ASO-based induction of RBM3 for the treatment of hypoxic/ischaemic brain injury : Date:
Free University of Berlin – Dr. Tom Haltenhof
conceptual period
Recipient: Free University of Berlin
Funding: GO-Bio initial (01/10/2022 to 30/09/2023, EUR 119,958)
Alzheimer's disease is influenced by many different factors. This makes it all the more difficult to develop specific drugs against it.
Current Alzheimer's therapies primarily address symptoms of the disease in order to slow down the neurodegenerative process and preserve patients' cognitive abilities for as long as possible. In the Neuroprotection project the regulation of genetic processes is intended to achieve a preventive effect in addition to acute treatment by preventing the death of nerve cells (neuroprotection). In order to achieve this the applicants take advantage of the fact that an artificial lowering of body temperature (hypothermia) in animal experiments leads to a protective effect against neurodegenerative diseases. With the help of a gene therapy approach a decoupling of the process is achieved in order to induce neuroprotection with a treatment even at normal body temperature.

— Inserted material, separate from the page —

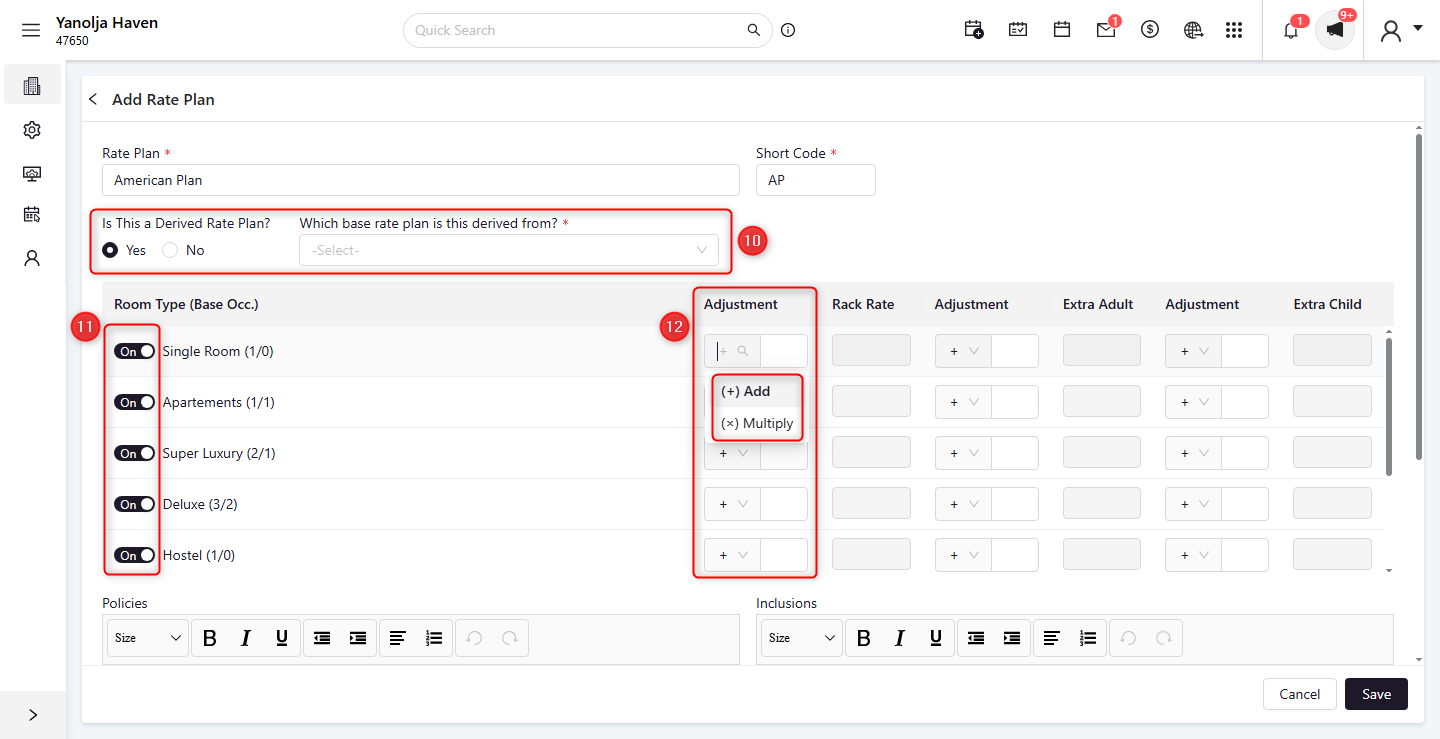12. Select the adjustment type (Add or Multiply). Enter the value by which the rate should be added to or multiplied from the base Rate Plan.

This approach is based on the use of artificially produced genetic sequences (antisense oligonucleotides, in short: ASO), which are bound to the mRNA (messenger RNA) of the target protein to be produced. The aim of the project is to evaluate a potential therapy option for neurogenerative diseases such as Alzheimer’s. Among other things the exploratory phase will be used to review the legal and regulatory viability of the idea. It should additionally be clarified whether patents or other property rights exist for the exploitation of the results of an ASO-based modulation of neuroprotective genes.
feasibility stage
Recipient: Free University Berlin
Funding: GO-Bio initial feasibility phase 3 (01/10/2023 to 30/09/2025, EUR 1,097,773.58)

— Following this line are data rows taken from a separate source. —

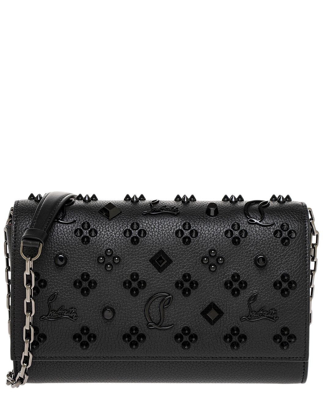 - About the brand: Christian Louboutin. Elegance, technical proficiency, and that signature red sole. - Made in Italy - Color/material: black leather - Design details: black-tone and dark grey-tone hardware, crafted in luxurious grained leather, features Loubinthesky spikes and CL Monograms in black-toned hardware, removable dark silver-tone chain strap - Interior design details: Card slots, slip pocket, bill compartment, zip compartment - Measures 9in wide x 6.5in high x 2in deep - Shoulder strap drops 21.5in - Magnetic snap closure - Please note: All measurements were taken by hand and are approximate; slight variations may occur. - Our products are 100% genuine. In some cases we purchase merchandise from trusted independent suppliers and not directly from the brand owner. In all cases we stand by the authenticity of every product sold on our site.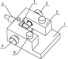 如图1所示,本实用新型包括数个相互配合的底座1,各底座1上带有U形凸台2,凸台2中间的U形槽底部及侧壁均带有安装孔,所述安装孔内分别装有钢套4,所述侧壁上的安装孔内安装有调节螺母3,调节螺母3与钢套4采用螺纹配合,有利于控制其进给调节精度,所述底部的安装孔内安装曲柄轴5,调节螺母3顶部顶住曲柄轴5顶部的台面,钢套4与曲柄轴5采用间隙配合,方便加工后的拆卸;底座1的底面带有定位孔,凸台2的顶面带有定位销6,上下两个底座1之间通过所述定位孔与所述定位销6定位配合,能够同时从下至下对多个曲柄轴进行腰形孔线切割加工,并且保证同样的精度要求;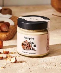 Crema spalmabile alla nocciola con proteine del siero di latte, scaglie di nocciola e fiocchi di cocco. Con edulcorante.

The artificial lowering of body temperature to 33.5°C is called therapeutic hypothermia (TH). This therapy is used to treat patients with brain damage (hypoxic/ischaemic encephalopathy (HIE)) caused by oxygen deficiency. This measure may be necessary, for example, in the case of cardiac arrest, stroke and, in particular, lack of oxygen in newborns. With the help of therapeutic hypothermia, nerve damage can be effectively minimised. Nevertheless, this method has several drawbacks in the treatment of newborns who suffer brain damage due to a severe lack of oxygen in the brain. Artificially lowering body temperature carries the risk of severe, sometimes life-threatening side effects for the treated newborns. Therapeutic hypothermia can also only be used in neonatal intensive care units specially equipped for this purpose. For these reasons, and because of the prolonged separation of parent and child, only newborns with severe courses are treated in this way, although milder forms of HIE can also lead to severe neurodevelopmental disorders. There is a current lack of alternative treatment methods that improve clinical therapy in these cases. The Neuroprotection project aims to address this point in the feasibility phase.
RNA-binding Motif Protein 3 (RBM3) is one of the genes produced by cold that mediates the neuroprotective effect of hypothermia. A promising therapeutic option alternative to therapeutic hypothermia is to induce RBM3 independently of temperature. In preliminary work the project staff developed an RNA-based approach that enables the neuroprotective effect of RBM3 without the need for therapeutic hypothermia. The potential treatment is to be given as an injection, so it is in a sense ‘hypothermia in a syringe’. The collaborative Neuroprotection project will investigate the innovative therapeutic approach in animal models. A comprehensive safety assessment will additionally be carried out during the feasibility phase. The therapy is being strategically developed up to the point of application in clinical trials.